Building salt with principalname HTTP/mywebapp.k8s.dal1.mycompany.io and domain BURNERDEV1.DAL1.MYCOMPANY.IO (encryption type 18)...
Hashing password with salt "BURNERDEV1.DAL1.MYCOMPANY.IOHTTPmywebapp.k8s.dal1.mycompany.io".
Key created.
Output keytab to krb5.keytab:
Keytab version: 0x502
keysize 110 HTTP/mywebapp.k8s.dal1.mycompany.io#BURNERDEV1.DAL1.MYCOMPANY.IO ptype 1 (KRB5_NT_PRINCIPAL) vno 3 etype 0x12 (AES256-SHA1) k
eylength 32 (0x632d9ca3356374e9de490ec2f7718f9fb652b20da40bd212a808db4c46a72bc5)

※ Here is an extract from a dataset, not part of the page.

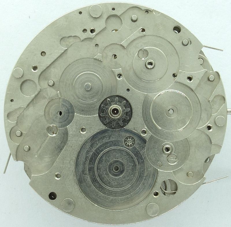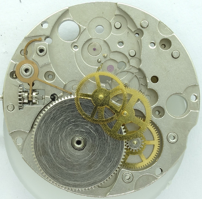 The gear train is made like on ETA movements with an indirectly dial-side driven hand works. For that, the mainspring barrel drives the massive second wheel, followed by the third wheel, whose pinion also drives the hand works on the dia side.

C:\Users\myself\Documents\keytab>setspn -A HTTP/mywebapp.k8s.dal1.mycompany.io#BURNERDEV1.DAL1.MYCOMPANY.IO portal
Checking domain DC=burnerdev1,DC=dal1,DC=mycompany,DC=io
Registering ServicePrincipalNames for CN=portal,CN=Users,DC=burnerdev1,DC=dal1,DC=mycompany,DC=io
HTTP/mywebapp.k8s.dal1.mycompany.io#BURNERDEV1.DAL1.MYCOMPANY.IO
Updated object
C:\Users\myself\Documents\keytab>
Now in the "Active Directory Users and Computers" section, I rightclicked the user and selected "Properties"
Then on the "Delegation" tab I set "Trust this user for delegation to any service (Kerberos only)"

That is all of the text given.